Recuerdo que hacía calor, un tipo de calor sofocante, pegajoso, el tipo de día que te obliga a mantener la chaqueta atada a la cintura y la camisa pegada a la piel. Caminaba por el centro de la ciudad, en busca de cualquier trabajo que me pudiera mantener a mí y a mis hermanos a flote. Ya había preguntado en varios sitios sin suerte. Todo el mundo parecía tener las plazas llenas o, peor aún, no tenían ni un centavo para ofrecer a nadie. Las cosas no estaban bien para casi nadie en esos días.

Y entonces, mientras recorría las calles empedradas, la vi: una pequeña tienda que apenas estaba en proceso de abrirse. No tenía un letrero aún, pero el interior estaba lleno de cajas y artículos polvorientos. Era una de esas tiendas que la gente solo visita por curiosidad, con la esperanza de encontrar una joya escondida entre los escombros del pasado.

Decidí entrar, más por desesperación que por otra cosa. Al cruzar la puerta, lo primero que me llamó la atención fue el sonido de una pequeña campana. El espacio olía a madera vieja y a esa mezcla particular de antigüedades que solo encuentras en lugares así. Y allí estaba ella, una mujer mayor, rolliza, con el cabello canoso recogido en un moño desordenado, acomodando algunas cosas en los estantes.

—¿Puedo ayudarlo en algo, joven? —Preguntó sin mirarme, aunque había una pizca de dulzura en su voz.

Me aclaré la garganta, sintiendo una extraña mezcla de nervios y urgencia.

—En realidad, vengo a ver si necesita ayuda.

Fue entonces cuando levantó la vista y me estudió por un momento.
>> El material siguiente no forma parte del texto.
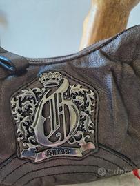 Guess borsa vintage grigia goffrata con maniglia intrecciata e logo gotico in perfette condizioni pari al nuovo #guess #borsa #vintage #goffrata #grigia #logogotico #perfettecondizioni

Ginebra. No sabía su nombre en ese entonces, claro, pero desde el primer momento, supe que no era una anciana común. Sus ojos eran agudos, observadores, y había algo en su postura que te hacía sentir que, aunque parecía frágil, aún tenía mucha fuerza.

—¿Ayuda? ¿Qué tipo de ayuda puedes ofrecerme, muchacho? —Su tono fue menos una pregunta y más una prueba.

Tragué saliva.

—Cualquier cosa. Soy fuerte, rápido aprendiendo... Puedo hacer lo que necesite. Solo... necesito el trabajo.

Ella me miró unos segundos más, como si pudiera leer algo detrás de mis palabras. Entonces, dejó lo que estaba haciendo y se acercó lentamente hacia mí.

—Esta tienda es... Algo único. No es como las demás. Todo lo que ves aquí—Dijo, señalando las cajas y artefactos desparramados—Pertenecía a mi difunto marido. Durante años los coleccionó... No sé por qué. Yo nunca le entendí su aprecio por estas baratijas. Pero para él... Bueno, para él eran sus pequeños tesoros.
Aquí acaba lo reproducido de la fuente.